South Korea's petrochemical manufacturers plan to invest 14.4 trillion won (US$12.8 billion) into facilities over the next three years to strengthen their global competitiveness, industry officials said Friday.
The Korea Petrochemical Industry Association (KPIA) outlined the plan in their New Year's meeting. Some of the manufacturers said they will invest in reducing their environmental impact.
The petrochemical industry is one of the largest users of fossil fuels, responsible for releasing large quantities of greenhouse gases into the atmosphere.
For 2010, the companies plan to spend 4.7 trillion won on facility investments. They also raised their target for this year's trade surplus from 19.7 billion won to 29.7 billion, and said they would boost total investment to 5.9 trillion won next year.
Yeochun NCC Co. said it will invest 2.7 trillion won in expanding its ethylene plant, while LG Chem, the nation's leading chemical producer, plans to spend 1 trillion won on lithium-ion battery production.
Hanwha Chemical Corp., a unit of the South Korean family-run conglomerate Hanwha Group, will spend 9 billion won to make solar batteries and solar modules.
SK Energy Co., a unit of SK Group, said it will fully relocate the headquarters of its petrochemical division to Shanghai by 2015. SK reported annual sales of 10.36 trillion won in its petrochemical division last year.
SK Energy eyeing China
SK Energy Co., Korea’s biggest oil refiner, said it started moving the headquarters of its chemicals operations to Shanghai earlier this month as part of a plan to expand its overseas business.
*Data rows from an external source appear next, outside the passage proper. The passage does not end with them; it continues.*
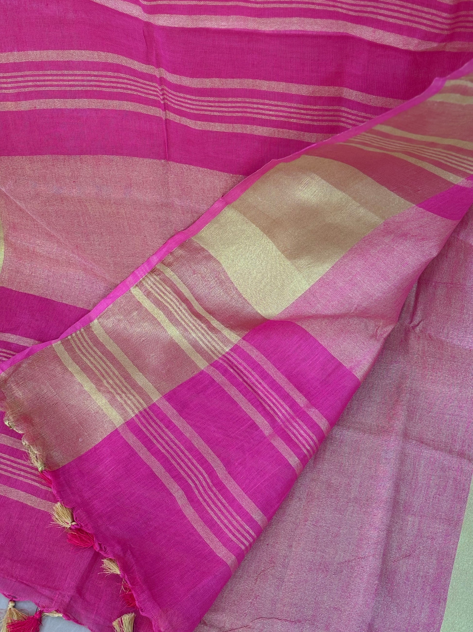 “Beautiful, Linen By Linen Saree With Blouse. Pallu Accessorized With Beautiful Tassels.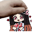 A pixel art hand gently squishes the head of Pinterest Chan Nezuko, a cute anime girl character.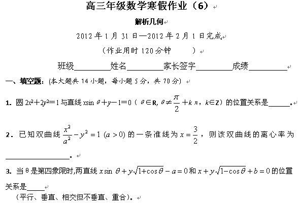 百度:江苏省兴化市2012届高三上学期寒假作业(六)(数学)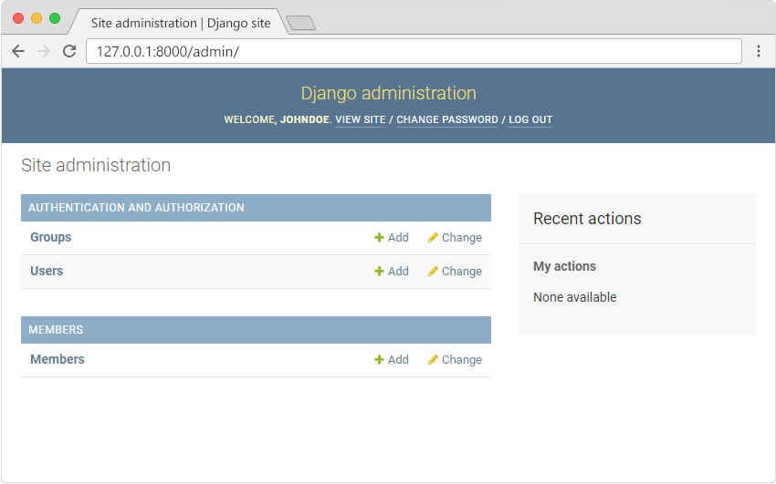 To include the Member model in the admin interface, we have to tell Django that this model should be visible in the admin interface.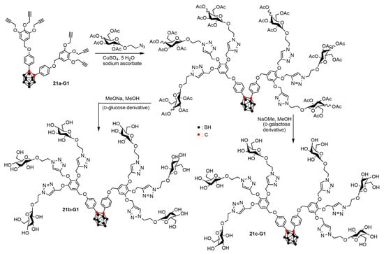 Another series of dendrons having a carborane at the core was synthesized by CuAAC reaction between carborane-cored dendrons bearing three or six alkyne groups (dendron 21a-G1, with six alkyne groups, Scheme 21) and an azide linked to two types of carbohydrates, which are derivatives of protected D-glucose or protected D-galactose. These dendrons were isolated in moderate yields (52–54%). Deprotection of the alcohols with NaOMe in MeOH afforded dendrons functionalized with three (not shown) or six D-glucose (dendron 21b-G1) or six D-galactose moieties (dendron 21c-G1), in good yields (86–93%) (Scheme 21). Only dendrons functionalized with six carbohydrates (21b-G1 and 21c-G1) were fully soluble in water, contrarily with those functionalized with three carbohydrates [].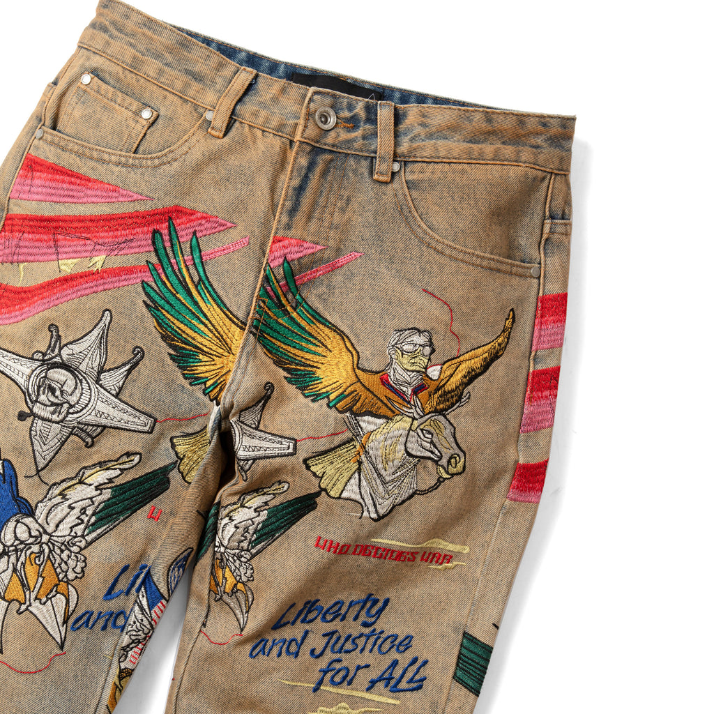 The Liberty Denim by Who Decides War is made from 100% cotton and has a slim fit for a clean and tailored silhouette. With a 35.5-inch inseam, these jeans have intricate embroidery detailing throughout, showcasing the brand's commitment to craftsmanship and storytelling. Available in the Tan/Denim colorway, they combine texture, contrast, and artistic design for a refined and expressive look. They fit true to size, so follow your usual size.

The company is also considering spinning off the division, Kim Yong-heum, head of chemicals at SK Energy, told reporters in Seoul yesterday, though he did not provide details.
Korean firms are expanding capacity in China, where economic growth is spurring demand for chemicals. SK Energy is joining China Petroleum & Chemical Corp. to build an ethylene plant in the central Hubei Province.
LG Chem Ltd., the country’s biggest chemical maker, said in July it will jointly invest $370 million with the China National Offshore Oil Corporation to build a petrochemical plant in South China.
China, which is adjacent to Korea, is an ideal place for the company’s globalization strategy, Kim said. Petrochemical accounted for 30 percent of SK Energy’s revenue in the third quarter of last year. Currently, about 1,100 employees work at the company’s petrochemical division.
SK Energy posted 10.36 trillion won ($9.2 billion) in sales by the chemical division at the end of 2008, accounting for 22.6 percent of the company’s revenue.